Stored data entries
..........
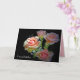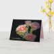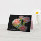 Upplyst rosa och persika bukett med rosor med pärlhjärtan i svart på födelsedag.
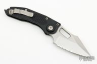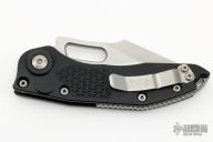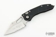 This Stitch Auto by Microtech Knives features a stonewash finished blade and false top edge, notched thumb and finger rests. The handle has a black milled aluminum handle with a bead blasted titanium backspacer and a bead blasted stainless  steel clip, tip up carry, lanyard hole at the butt. Comes with original box and papers. S/N of 10810 and dated 08/2022. Excellent condition.
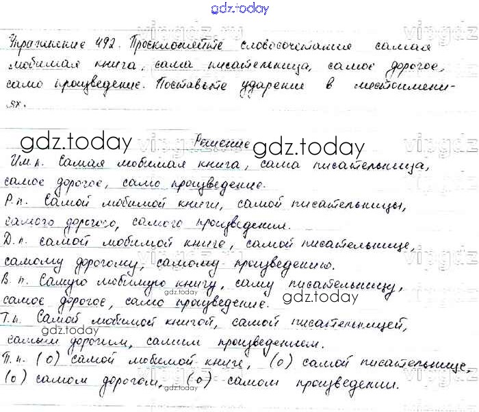На страницах сайта gdz.today вы найдете учебный и вспомогательный материал, направленный на улучшения знаний школьной программы. ГДЗ - онлайн мир знаний Упражнения Часть 2 492 Учебнику по Русскому языку для 6 класса Баранов, Ладыженская Просвещение, Просвещение 2015, 2022
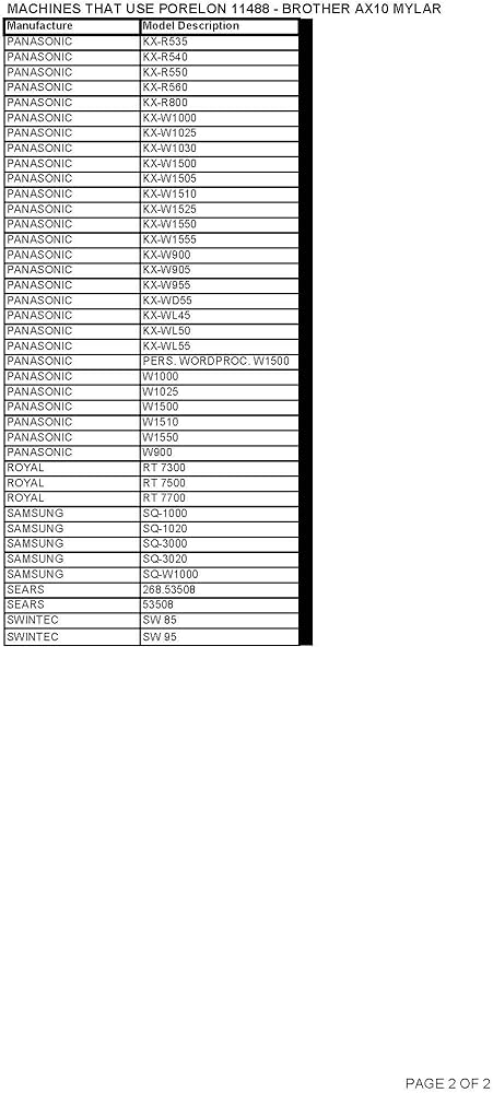 The Porelon Brother AX10 Compatible Correctable Mylar Typewriter Ribbon replaces manufactures part #'s 1030, 1230, and 1430. This ribbon provides vivid and consistent black color in addition to exceptional light fastness and durable impressions. This product has been designed and manufactured to operate the original equipment identified. 1 pack. Porelon specializes in creating inking products and elastomers for a wide variety of industries. They focus their scientific, engineering and customer service efforts on delivering solutions that perform to your exact specifications.
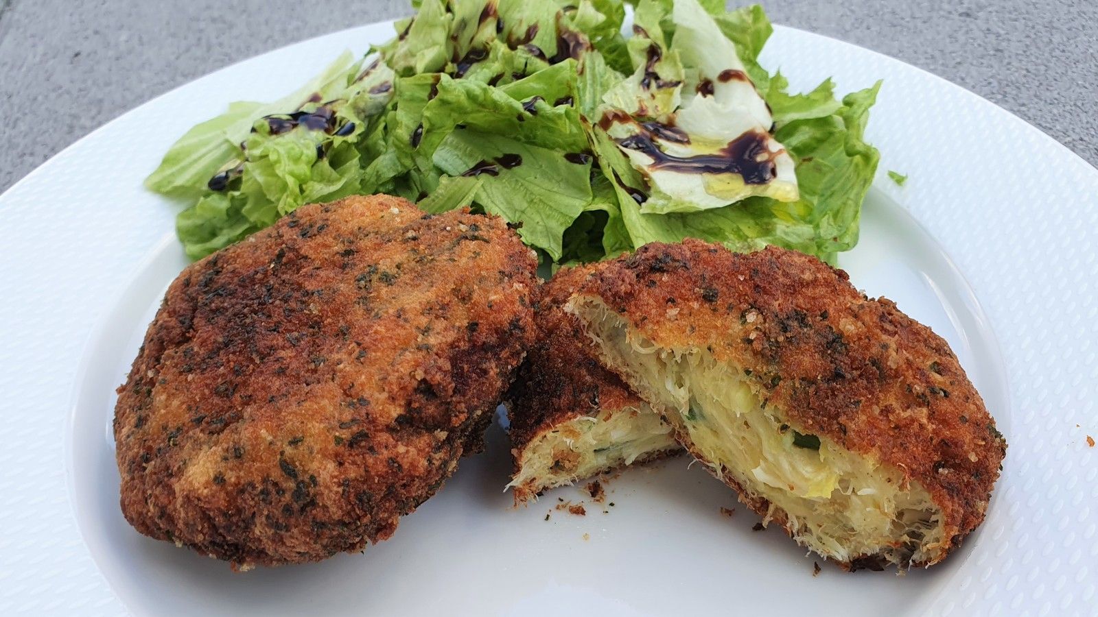 Ah... rien à voir avec ces poissons panés industriels. Bon, c'était un peu le but de cette recette. Du cabillaud, de la pomme de terre, des oignons nouveaux, le tout pané avec une chapelure aux herbes. Plus sain, fait maison, donc meilleur, forcément.
..........
I would like the lines from the one with "На страницах сайта" through the last line of the data above retyped exactly, with pictures left out, please.

Output for this exercise
На страницах сайта gdz.today вы найдете учебный и вспомогательный материал, направленный на улучшения знаний школьной программы. ГДЗ - онлайн мир знаний Упражнения Часть 2 492 Учебнику по Русскому языку для 6 класса Баранов, Ладыженская Просвещение, Просвещение 2015, 2022
 The Porelon Brother AX10 Compatible Correctable Mylar Typewriter Ribbon replaces manufactures part #'s 1030, 1230, and 1430. This ribbon provides vivid and consistent black color in addition to exceptional light fastness and durable impressions. This product has been designed and manufactured to operate the original equipment identified. 1 pack. Porelon specializes in creating inking products and elastomers for a wide variety of industries. They focus their scientific, engineering and customer service efforts on delivering solutions that perform to your exact specifications.
 Ah... rien à voir avec ces poissons panés industriels. Bon, c'était un peu le but de cette recette. Du cabillaud, de la pomme de terre, des oignons nouveaux, le tout pané avec une chapelure aux herbes. Plus sain, fait maison, donc meilleur, forcément.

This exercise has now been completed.